Containerized application crashes due to exceeding memory limits are often tricky to investigate as they can be caused by different underlying issues. A program might not be freeing memory properly, or it might just not be configured with appropriate memory limits. Investigation methods also differ based on the language and runtime your program uses. Depending on the specific cause, you might need to use runtime metrics, traces, or profiles to understand if an increase in retained memory is correlated with an increase in operations handled or an aberrant behavior in the application. If you don’t have very deep knowledge of the technology your program is built on, identifying the best data for investigating a memory issue can be difficult and delay remediation.

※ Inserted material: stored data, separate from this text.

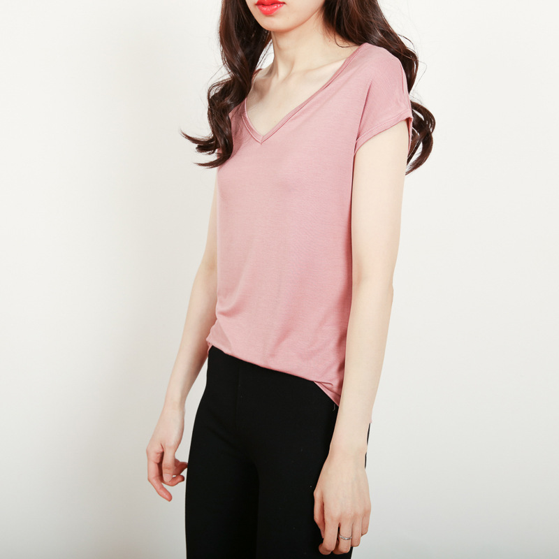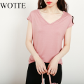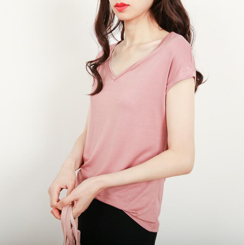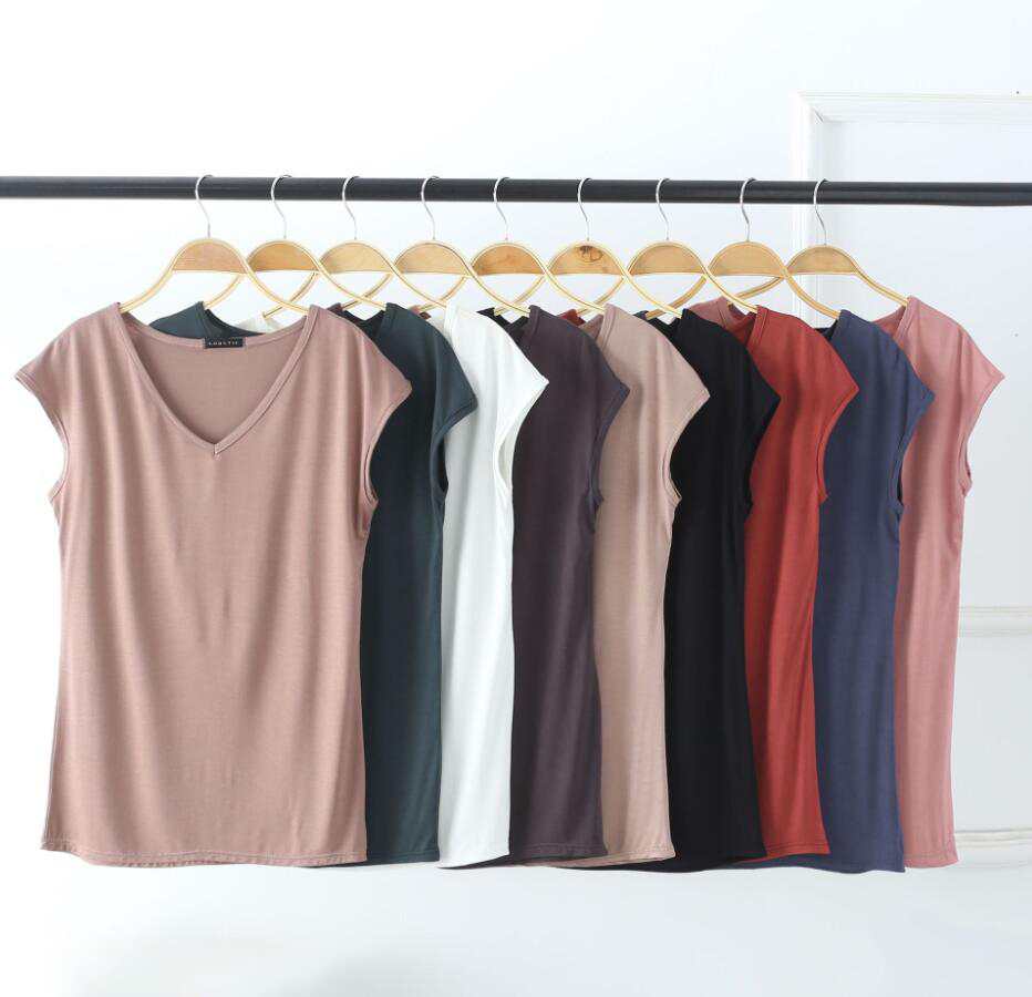 WOTTE Bamboo Fiber T Shirt for Women Home Wear Summer Sleeveless Shirt V-neck Top Plain White Pink Modal Cotton Ladies Slim Tshirt Korean Style|,|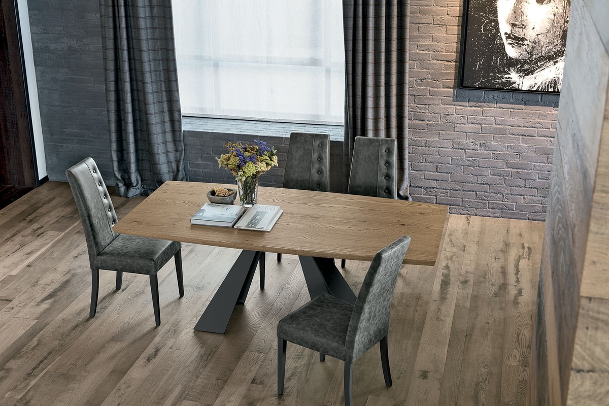 Proposto sia nella versione fissa che allungabile, Taurus va da 160 a 240 cm. Struttura in metallo, piano a botticella o rettangolare in grès porcellanato, legno, vetro dune o vetro ondulato.
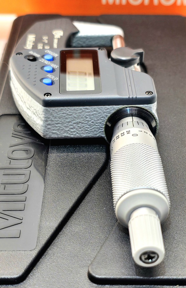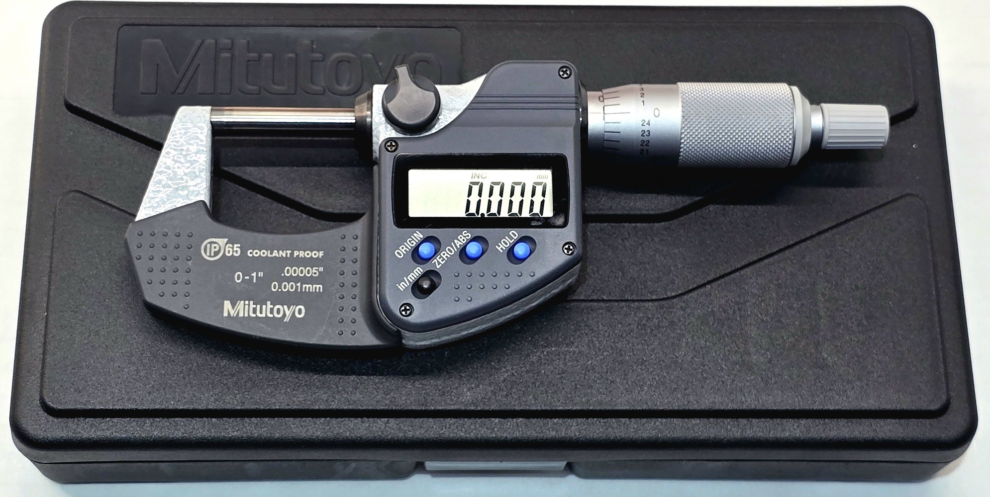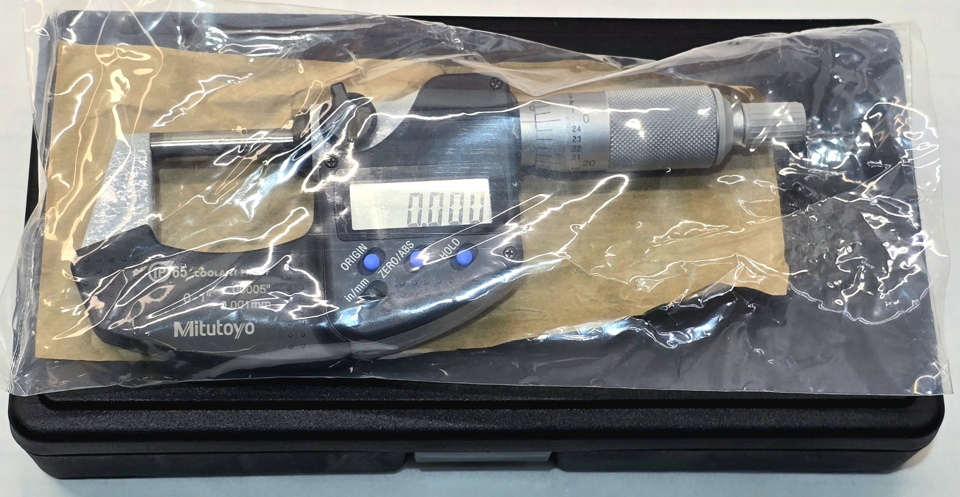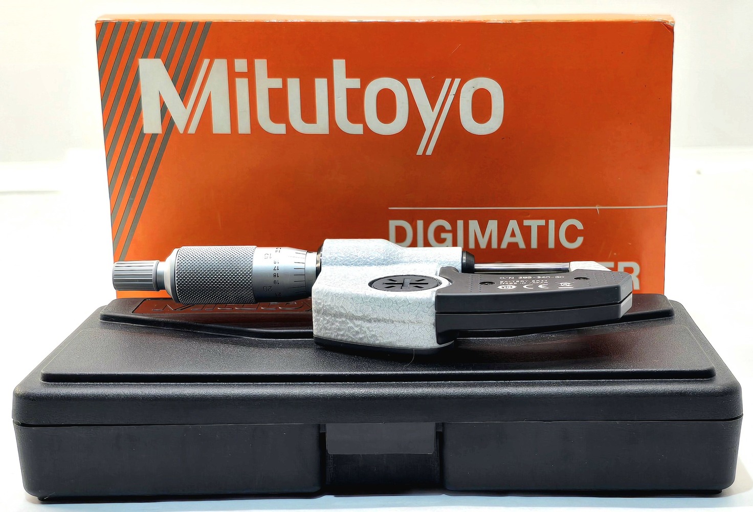 Micrometer Condition: preowned, unused, open box condition. Micrometer was removed from sealed shipping bag and battery installed for testing and photos only. Micrometer Appearance: as new with no notable flaws. What's Included: Mitutoyo 293-340-30 Digimatic micrometer, battery, spanner, documentation, case, outer cardboard sleeve.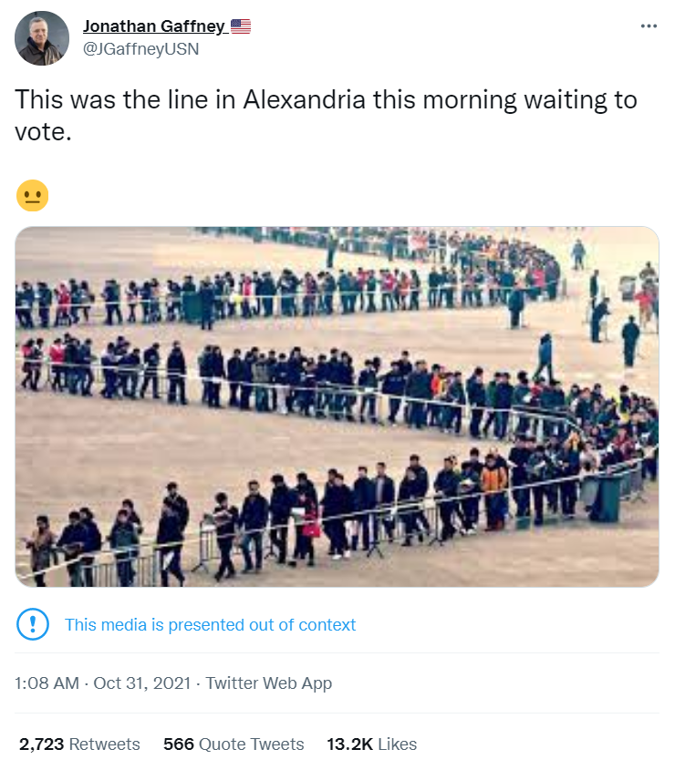 尽管这张照片的实际场景与@JGaffneyUSN所说的并不相符,但弗吉尼亚州民众在此次州长选举中的确展现了空前的积极性。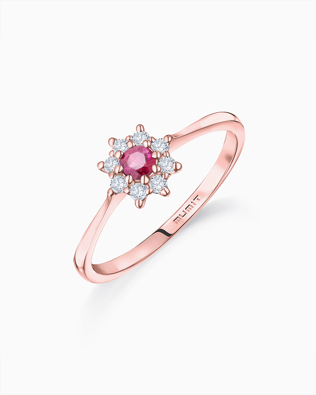 Anel Astrid Rubi e Diamante em Ouro Rosa 18 K
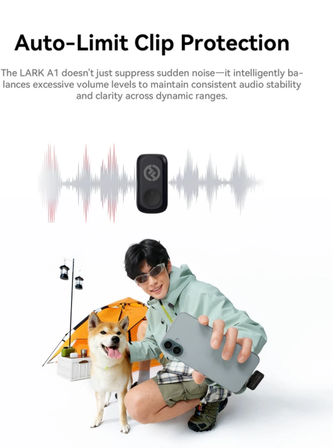 【3-Level Intelligent Noise Cancellation】Lark A1 wireless mic features a pro-grade noise canceling chip with 3-level adjustment (Weak/Medium/Strong) meets your need to cancel any noise. Captures crystal-clear audio anywhere—perfect for outdoor records, live streams, podcasts and interviews.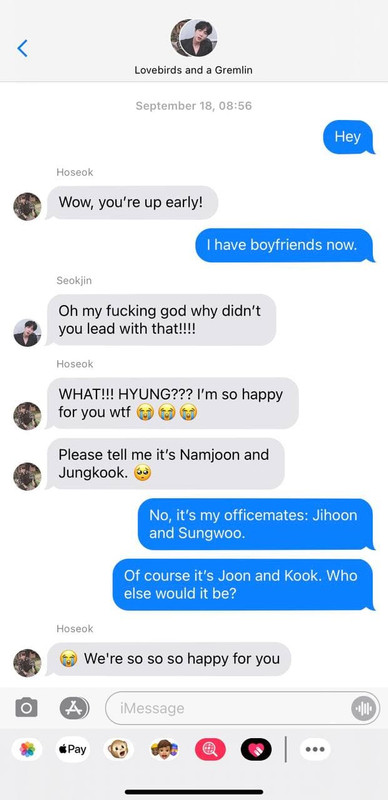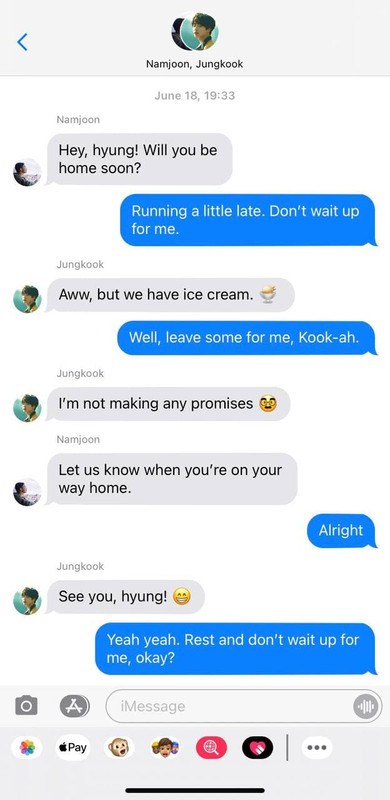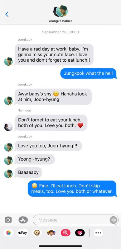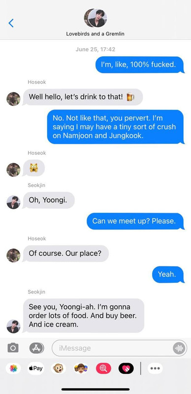 Were they talking about the pizza place near Jungkook’s school that they wanted to visit? Or was it about that client of Namjoon’s that’s just a grade A asshole? Maybe it was the research Yoongi’s currently working on?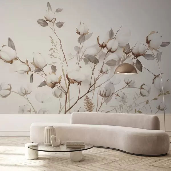 Фототапет Памучни цветя със стъбла и листа в светлокафява цветова палитра, бежов фон, мек и деликатен, акварелен стил Nr w09141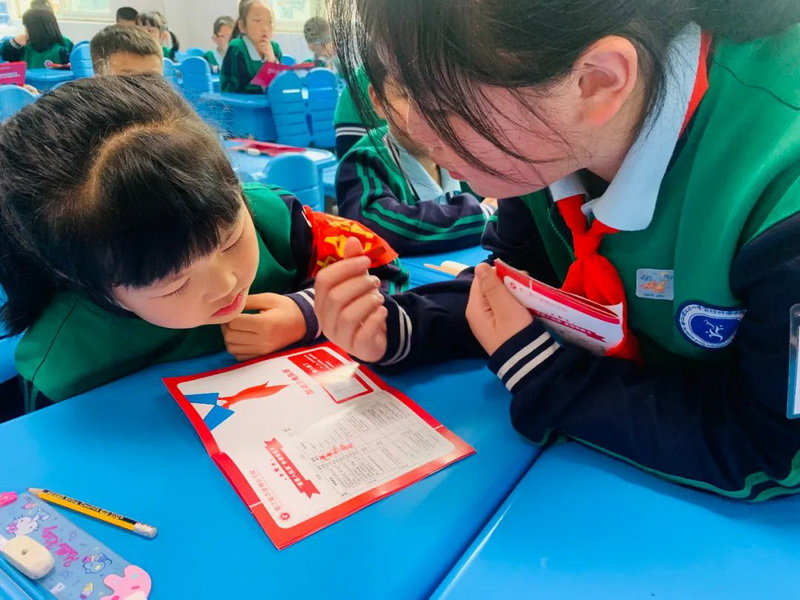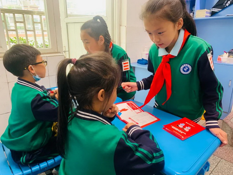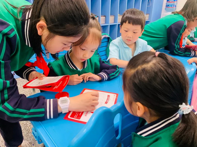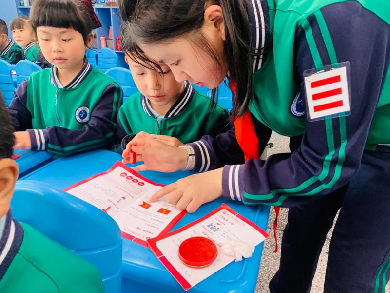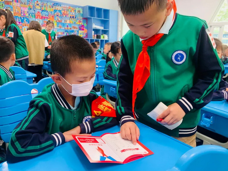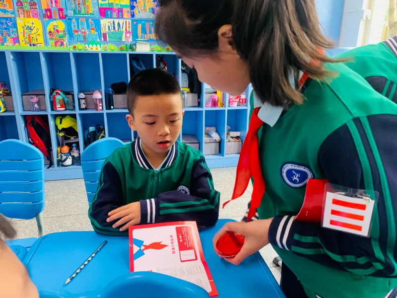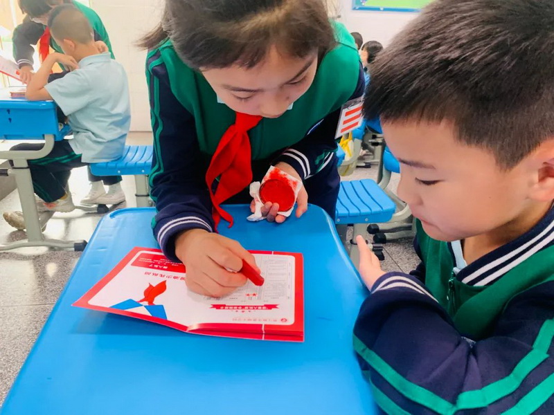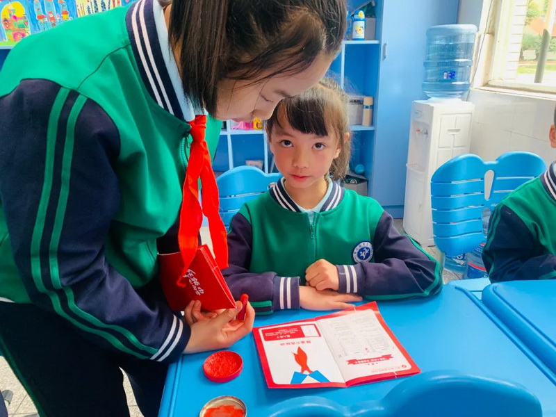 学校少先队大队部在入队前准备了一系列丰富多彩的队前教育课程,浸润着每一个准队员们的心田。预备队员在老师们带领下认真学习少先队“六知六会”等少先队知识。大队委哥哥姐姐对每一位准队员的队前学习情况进行了检查,根据预备队员的表现慎重地在“集星争章卡”上盖章,意味着队员们熟知“六知六会”内容,通过重重考核。A series of education courses have been prepared by the young pioneers brigade of the school before joining the team, which infiltrates the hearts of every prospective member. The reserve team members study hard under the guidance of the teachers.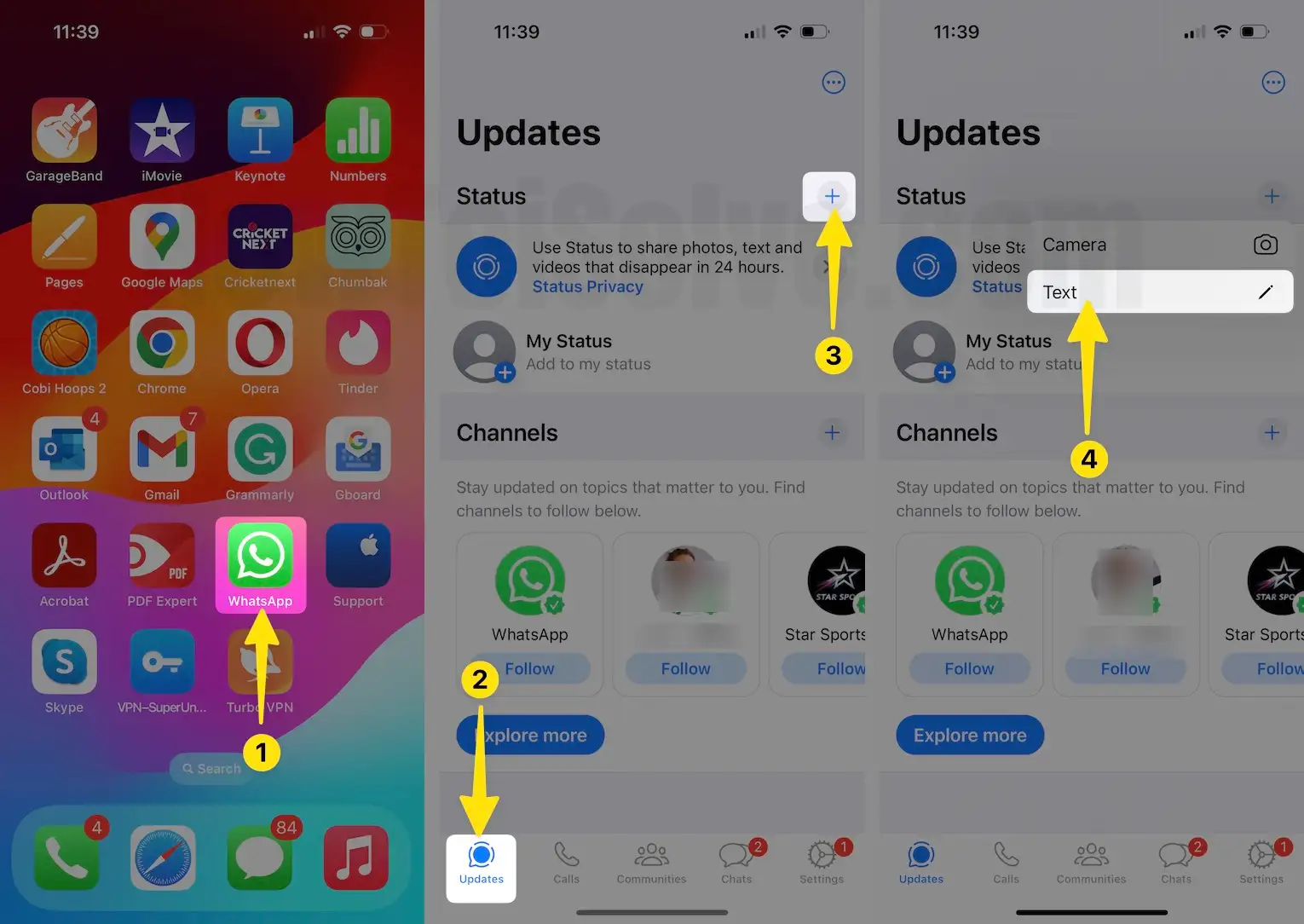 4. Launch WhatsApp next, tap on Updates, click on (+) Plus ICon select the Text option on iPhone.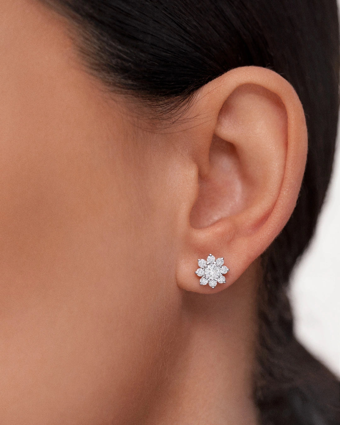 The Rosette solitaire diamond earrings are the main focus of one of our most special collections....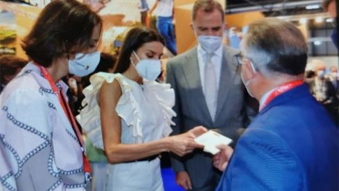 Vila ha hecho esta entrega a don Felipe y doña Letizia de su invitación aprovechando su recorrido por la Feria Internacional de Turismo (Fitur) en Madrid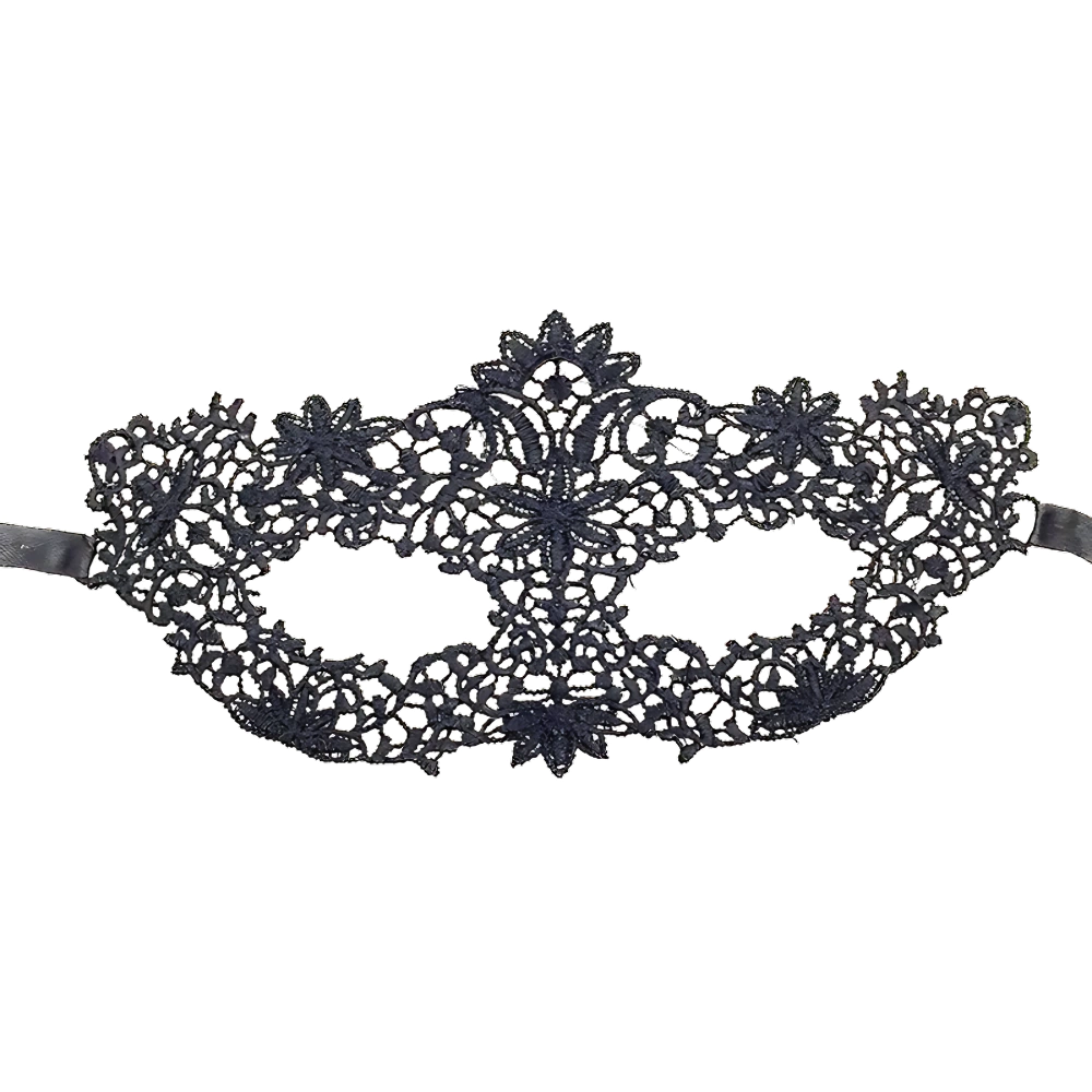 Modelo veneziano com aplicação floral na trama rendada, esta máscara preta oferece acabamento detalhado e conforto para uso prolongado. Ideal para festas temáticas, eventos sociais ou produtos sensoriais, é uma peça versátil para compor catálogos sofisticados.

To help speed up this process of identifying the root cause of memory-related issues, Datadog service pages in the Service Catalog now include a Memory Leaks section for services using supported runtimes and environments. This section centralizes data collected via Datadog’s integrations and Continuous Profiler to visualize the memory usage and configuration of that particular service. It then walks through a guided, step-by-step investigation workflow, providing context and curated information that helps you understand what data to look at and how to interpret it. This helps you more quickly identify the cause of your service’s memory leak and how best to remediate it.

In this post, we’ll walk through an example of using Datadog’s Memory Leaks workflow to investigate an issue with a service written in Go.

Investigate memory leaks in Go services

Let’s say you are alerted to a spike in container restarts for one of your Go services. Or, you are alerted to increased latency or errors due to containers being OOM killed. Memory leaks are a common cause of these types of problems, but it can be challenging to confirm that this is the case and then to isolate where the leak is occurring. To start investigating, you can navigate to the relevant service page, which centralizes telemetry data from your service, including deployments, endpoint traffic, infrastructure metrics, and more. The Memory Leaks section visualizes specific data tailored to help you identify whether your application is experiencing a memory leak.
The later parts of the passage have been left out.